The US yield curve inversion deepened on Tuesday to levels not seen since 2007, rekindling fears of a looming recession that spurred a sell-off on Wall Street and stoked even more safe-haven demand for government bonds, Reuters reports.
“As the curve inverts further, it has inspired more long-end buying,” Mike Lorizio, head of Treasuries trading at Manulife Asset Management in Boston, told Reuters.
The yield curve often inverts prior to a US recession.
The Treasury Department sold its latest two-year, fixed-rate note supply at a yield of 1.516 percent, which was the lowest at an auction of this maturity since September 2017.
On the open market, 10-year Treasury yields stood at 1.488 percent, down 5.60 basis points on the day. They reached a three-year low of 1.443 percent on Monday.
The yields on two-year notes were 1.531 percent, down 2.00 basis points.

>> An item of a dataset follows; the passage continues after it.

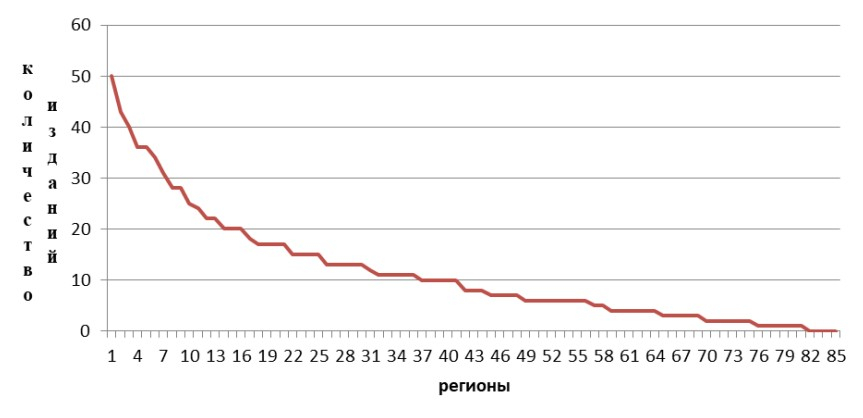 | Количество регионов | Группировка регионов по количеству изданий |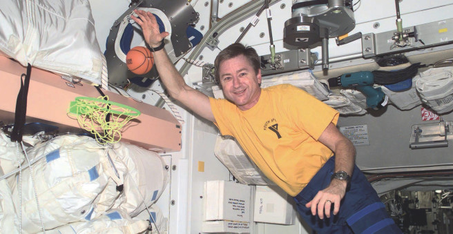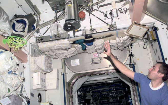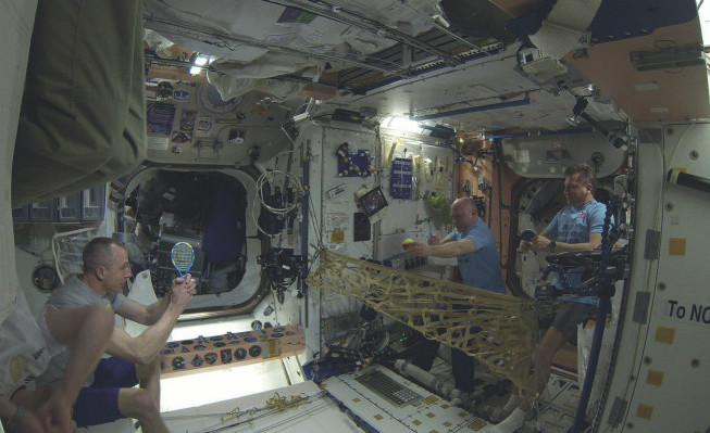 А… вот оно что! Баскетбольная корзина на МКС, оказывается, есть. И мини-мяч есть. Ну, тогда всё нормально. Нет. На самом деле это просто издевательство над здравым смыслом и над наивными поклонниками «консервной банки» под названием МКС.

On Monday, they declined to 1.449 percent, the lowest since September 2017.
The spread on three-month T-bill rates over 10-year yields grew as wide as 52 basis points, a level not seen since March 2007, according to Refinitiv data.
The deepening curve inversion reflects investors’ nervousness about a recession and uncertainties over the trade conflict between China and the United States.
On the stock market, the Dow Jones Industrial Average closed down nearly 0.5 percent, while the S&P 500 index and the Nasdaq Composite shed more than 0.3 percent each.